Prof. Joel Otto, reacted to the essay by highlighting, “Gospel-centered preaching has pastoral implications, as you noted by pointing out that preaching a sermon is akin to a public counseling session. Christ’s preaching brought comfort to poor sinners because he proclaimed the gospel. Our preaching does no less.”
An Evaluation of Modern Evangelical Preaching
Presenting the second paper, Andrew Bauer, class of 1989, traced the history of some famous American Evangelical preachers and their emphases and style. “For people whose activity of ‘preaching’ is so closely bound up with who we are, namely ‘preachers,’ it is a given that we will be interested in our craft, interested about hearing preaching in our circles and other circles, interested in learning what others have done, giving thanks for the good while marking the bad,” he shared.

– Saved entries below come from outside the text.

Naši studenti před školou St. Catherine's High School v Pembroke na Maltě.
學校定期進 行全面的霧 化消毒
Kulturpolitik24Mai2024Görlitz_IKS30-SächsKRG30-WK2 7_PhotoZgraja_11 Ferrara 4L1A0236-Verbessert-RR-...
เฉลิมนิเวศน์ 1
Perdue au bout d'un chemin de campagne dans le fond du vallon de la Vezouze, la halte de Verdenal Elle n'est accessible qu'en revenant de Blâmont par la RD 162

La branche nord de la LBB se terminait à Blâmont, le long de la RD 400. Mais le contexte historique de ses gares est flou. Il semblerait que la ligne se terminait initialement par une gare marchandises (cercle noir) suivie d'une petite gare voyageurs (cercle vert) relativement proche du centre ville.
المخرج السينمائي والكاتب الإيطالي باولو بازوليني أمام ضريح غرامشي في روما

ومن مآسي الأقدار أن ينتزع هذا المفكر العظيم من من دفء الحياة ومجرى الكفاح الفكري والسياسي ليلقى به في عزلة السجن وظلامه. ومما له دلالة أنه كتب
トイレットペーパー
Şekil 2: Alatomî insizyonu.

Pastor Bauer, who serves New Life, Lake Zurich, Ill., and wrote A Lutheran Looks at… Mega Churches encouraged the preachers to remember the listeners: “If style and method of delivery are changing, then our love for souls entrusted to our care will cause us to learn about those methods, utilize what is good, and leave the rest. Our goal will be to have them love preaching as much as we do, because in preaching Christ as Savior is proclaimed.”
Professor Paul Zell, reacted positively to the paper. “Pastor Bauer asked us, ‘Can the preachers in this room learn a new thing or two by watching the example of others’ My own answer: Absolutely they can. But learning ‘a new thing or two’ comes not just from watching Evangelicals,” he wrote. “Sitting in this room are hundreds of men who for years and years have been devoted to preaching the good news. . . . So when you find a brother who confesses the faith as you do and preaches in a way you appreciate, what’s keeping you from devoting an occasional twenty minutes to watching his sermons?”

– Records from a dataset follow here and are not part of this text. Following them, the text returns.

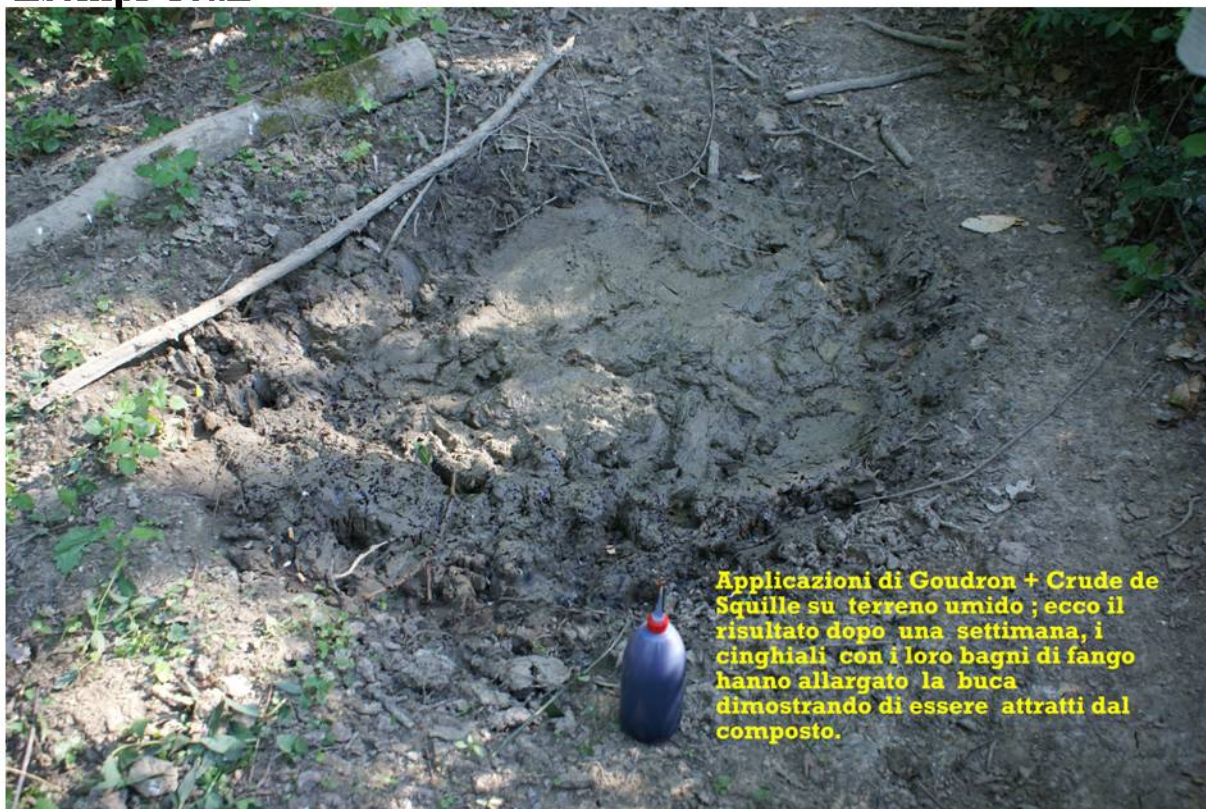
Applicazioni di Goudron + Crude de Squille su terreno umido ; ecco il risultato dopo una settimana, i cinghiali con i loro bagni di fango hanno allargato la buca dimostrando di essere attratti dal composto.
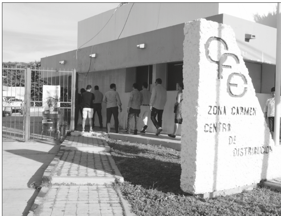
▲ Aunque el aporte del gobierno estatal sería menos que en la primera ocasión, el actual gobierno justificó que no hay los recursos suficientes.

El acuerdo firmado señalaba que de marzo a octubre, los municipios como Calkiní,
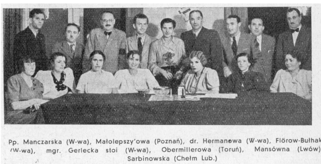
Fot. 15. II Turniej Pań o Mistrzostwo Polski w 1937 roku
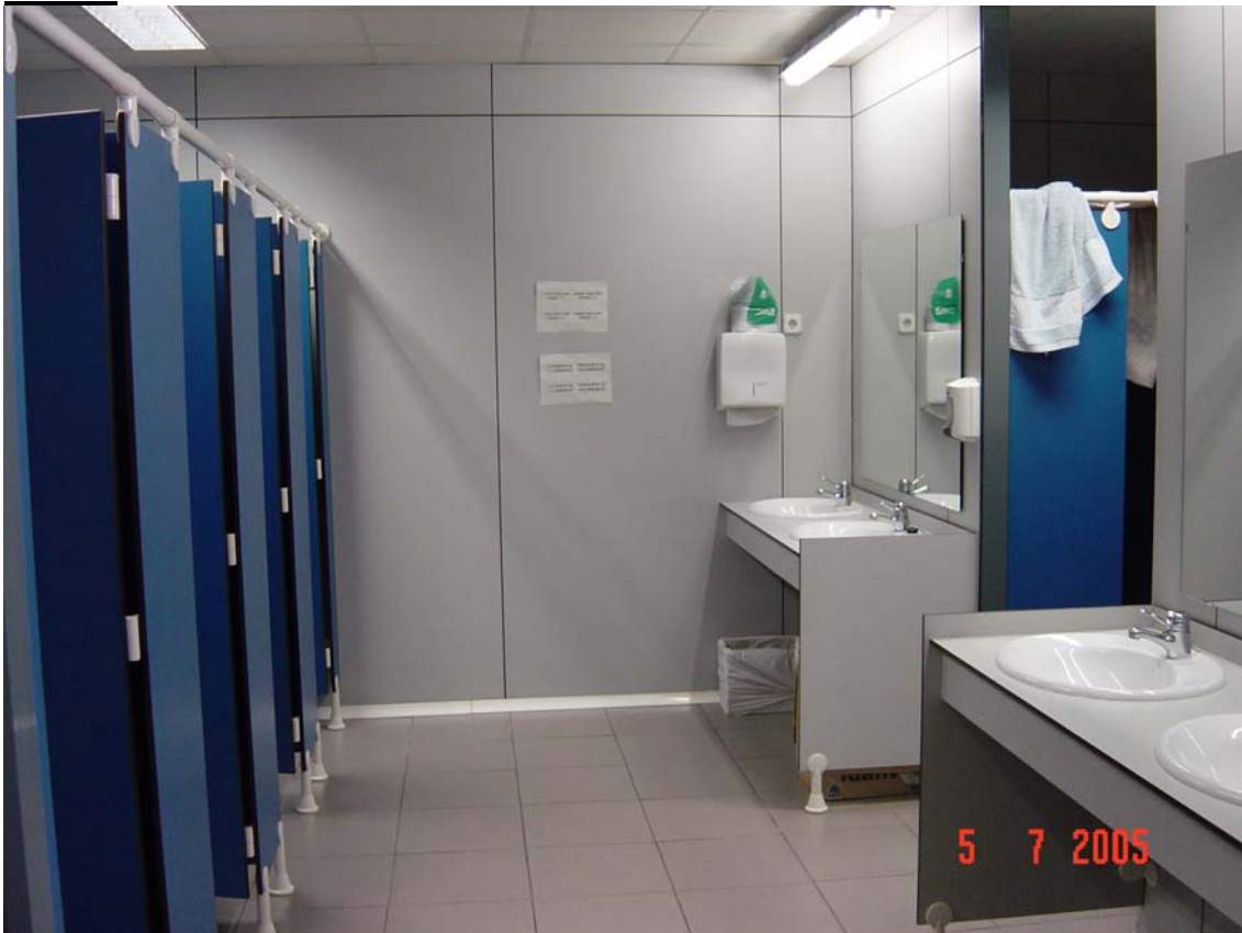
Lavabos i dutxes sense ventilació
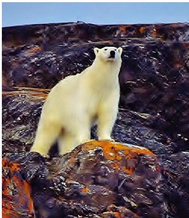
Isbjörn på nära håll i Liefdefjorden, Svalbard.
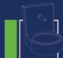
RÉSINE DE SYNTHÈSE ACRYLIQUE
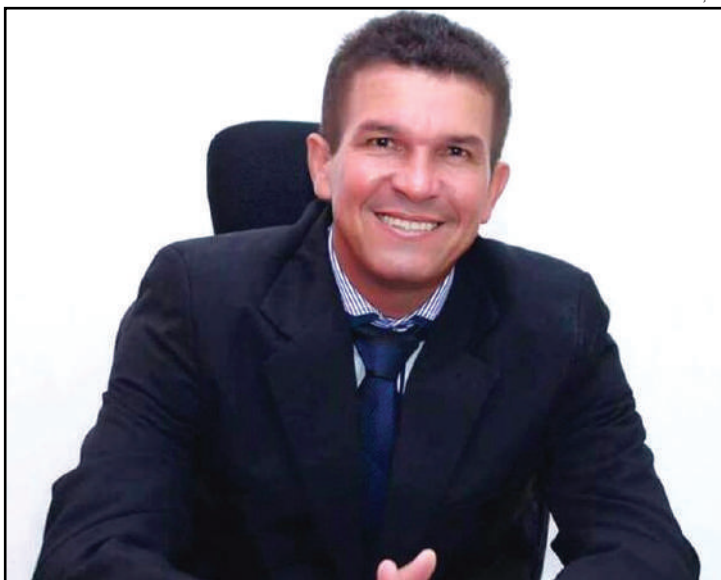
Prefeito foi preso na noite de sábado (27)
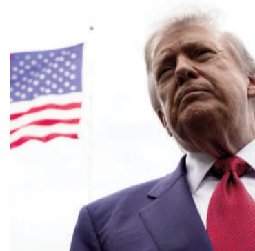
Presidente Donald Trump.

Dijo que Washington cumplió el 70% de sus objetivos en el conflicto y que podría seguir atacando dos semanas más.
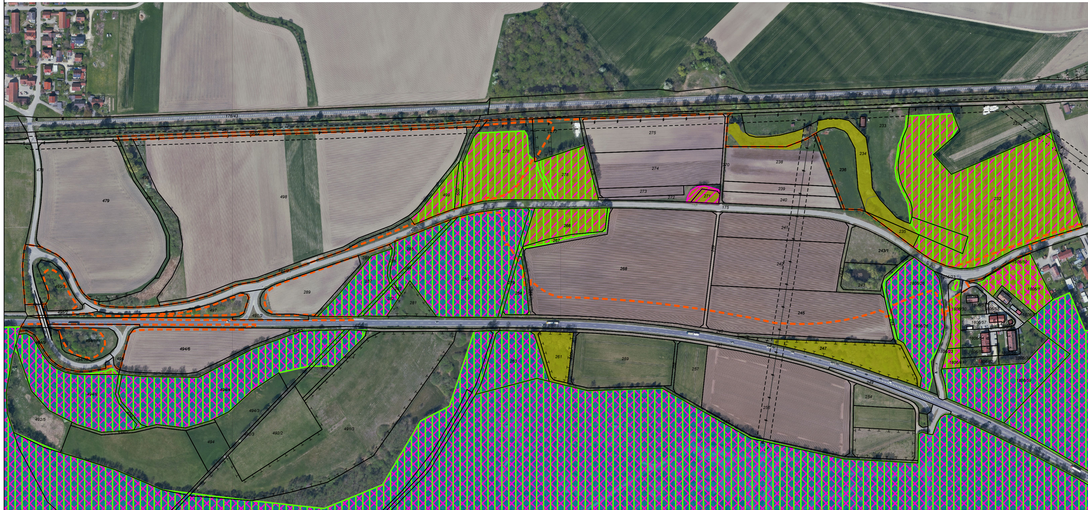
Waldrechtlicher Bestand, Waldfunktionen gemäß Waldfunktionsplan
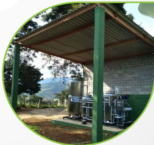
Estação Compacta Instalada
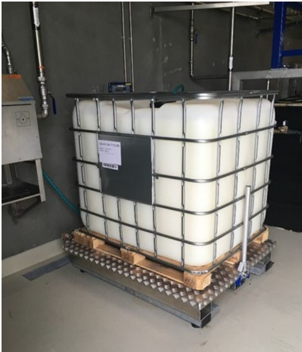
BM-Tilt med palletank
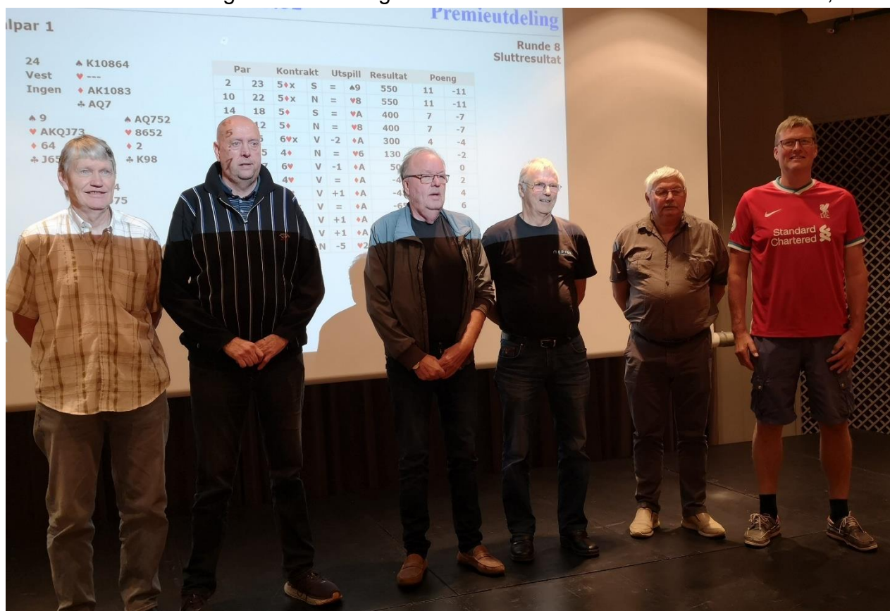
Pallen festivalpar 1
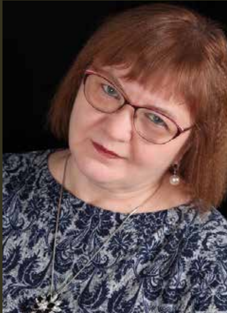
Наталья Паэгле, писатель и журналист

A Paradigm for 21st Century Lutheran Preachers
For the final presentation of the Symposium, Pastor Phillip Sievert, class of 1993, looked at today’s culture and how it affects both the preacher and the listener. “Twenty centuries after Peter proclaimed the Gospel on the streets of Jerusalem and Paul preached on the streets of Athens, the world we live in and the people to whom we preach, are becoming more and more influenced by a post-Christian landscape,” he says. “In a way, we are moving from an Acts 2 cultural context to an Acts 17 setting; from a world shaped by Christianity to a world that is pushing Christianity farther and farther into the background. As Lutheran preachers, we will want to gain insight in how to speak with such an ever-changing culture in a way that communicates as clearly as possible God’s unchanging truth and the Gospel of our Lord and Savior.”

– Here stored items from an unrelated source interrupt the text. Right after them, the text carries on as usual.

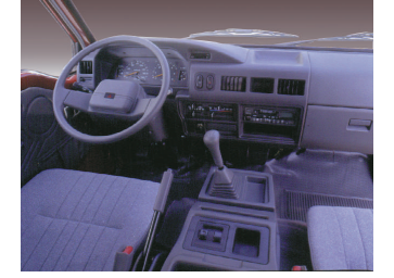
Ergonomik ön konsol ve gösterge paneli
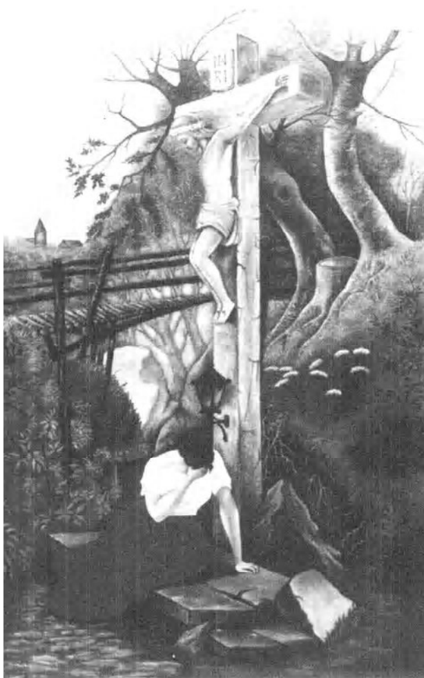
Hegyellai Imre festménye

• II. évf., 1. (2.) szám • 2004. február 22.
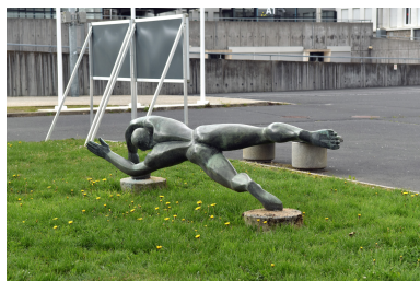
Autre vue de dos IVR84_20231500116NUCA
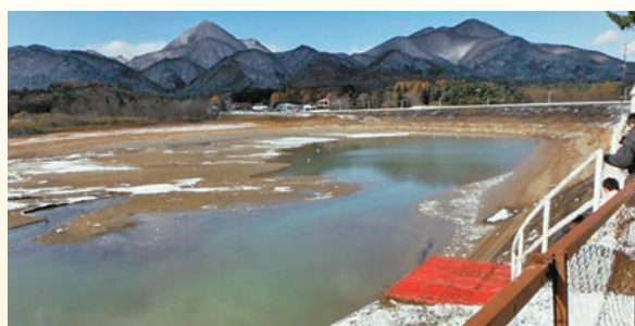
堆砂除去前の煙山ダム
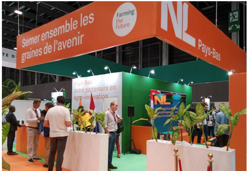
Pabellón Oficial de Países Bajos. Foto tomada por el personal de la oficina.
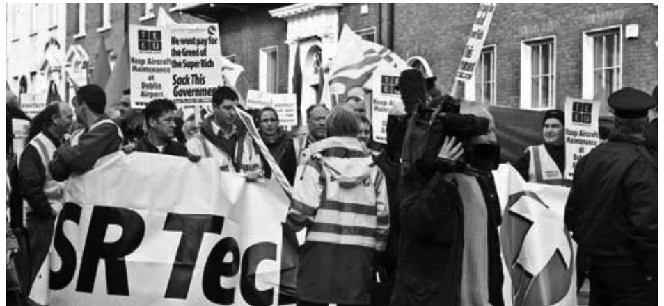
Manifestación sindical en Irlanda, en enero de 2011, justo antes de la caída del Parlamento irlandés. Las pancartas dicen “Mantenimiento a las aeronaves en el aeropuerto de Dublín. No pagaremos la codicia de los superricos. Saquen a este gobierno”.

Obviamente, en realidad, el rescate financiero iniciado en 2008 no fue nada más que un boleto hacia el infierno al que se deberían mandar a todos los “bancos malos” compasivamente, ya.
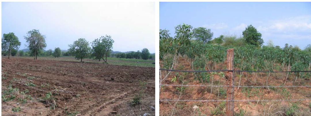
ภาพที่ 13 พื้นที่ปลูกมันสำปะหลังที่ขยายเข้าไปในพื้นที่เลี้ยงโคต้นน้ำเดิม

อย่างไรก็ตาม สภาพทุ่งหญ้าธรรมชาติและพื้นที่สาธารณะสำหรับการเลี้ยงโคต้นน้ำได้ลดลง เพราะฟาร์มเลี้ยงโคเกือบทุกฟาร์มได้ทำการล้อมรั้วเพื่อทำการเลี้ยงโคกันอย่างเป็นสัดส่วน นอกจากนี้ พื้นที่ได้ถูกนำไปใช้ปลูกพืชเศรษฐกิจเพิ่มมากขึ้น โดยเฉพาะมันสำปะหลัง
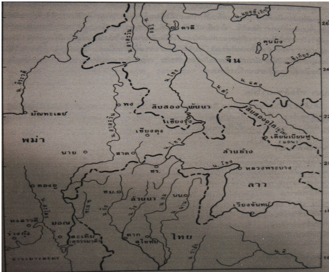
ภาพที่ 1.1 แสดงภาพชุมชนโบราณ

ชาวจีนฮ่อใหญ่จึงกลายเป็นชาวภูไทขาวไป ส่วนที่เหลืออีก 8 เมืองซึ่งเป็น ชาวภูไทอยู่ที่บ้านนาน้อย อ้อยหนู ไม่ได้อยู่ที่เมืองแฉ่งแต่อย่างใด ฉะนั้นชาวภูไทจึงไม่ได้ถูกกวาดต้อนมาในสมัยกรุงธนบุรี เลย และอีกประการหนึ่งชาวเผ่าฮาโล้่มักจะเรียกชาวภูไทว่า “น้องหล้า” (น้องสุดท้อง) เพราะชนชาวภูไทอพยพลงมาจากประเทศจีน เข้าสู่แหลมอินโดจีนเป็นเผ่าท้ายสุด
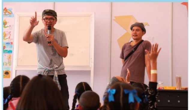
แน่นทุกรอบกับห้องเรียนศิลปะ
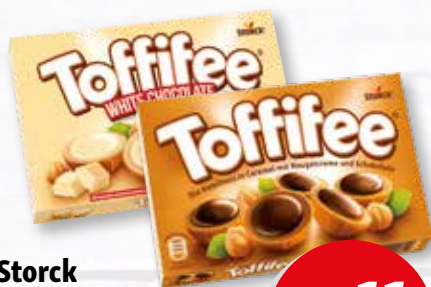
Storck Toffifee Classic oder White 15 Stück 125-g-Packung je (1 kg = 8.88 €)
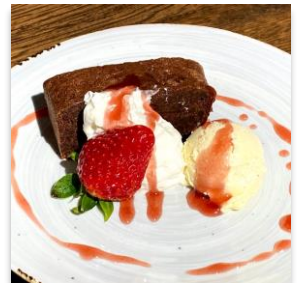
Gâteau au Chocolat
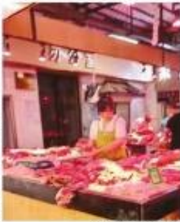
“生鲜灯”亮下的鲜肉
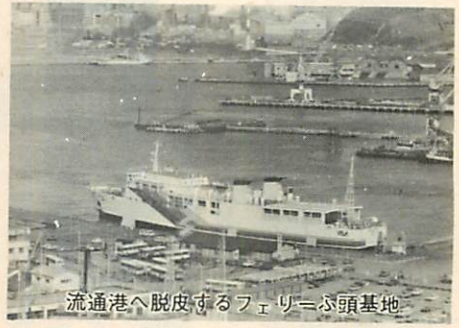
流通港へ脱皮するフェリーぶ頭基地

昨年、北海道知事の全面的支持をいただき、着々とその実現に向かって前進いたしておりますが、道内他港湾の誘致運動もあり、なお予断を許さないものがありますので、関係団体と連携を密に、より一層強力な運動を進めて参ります。さらに、企業の新規立地と既存

To help gain these insights, Pastor Sievert, who serves Lord of Life, Thornton, Colo., shared that the post-modern 21st century culture is skeptical, secular, and storied. “Think of the Apostle in Athens. There he gave us an example of how to engage our ever-changing culture in a way that never compromises the never-changing gospel in biblically-faithful preaching.”
There is a paradigm for Lutheran preaching. As we preach Christ with a sense of our own weakness, we preach knowing God’s Word is truth and that Word is powerful.
Professor Richard Gurgel wrote the reaction paper. He commented, “While providing many wonderful suggestions to ponder, you respected your brothers’ ability to wrestle with the issues and suggestions you raised without supplying a rigid structure for lock step formation preaching.”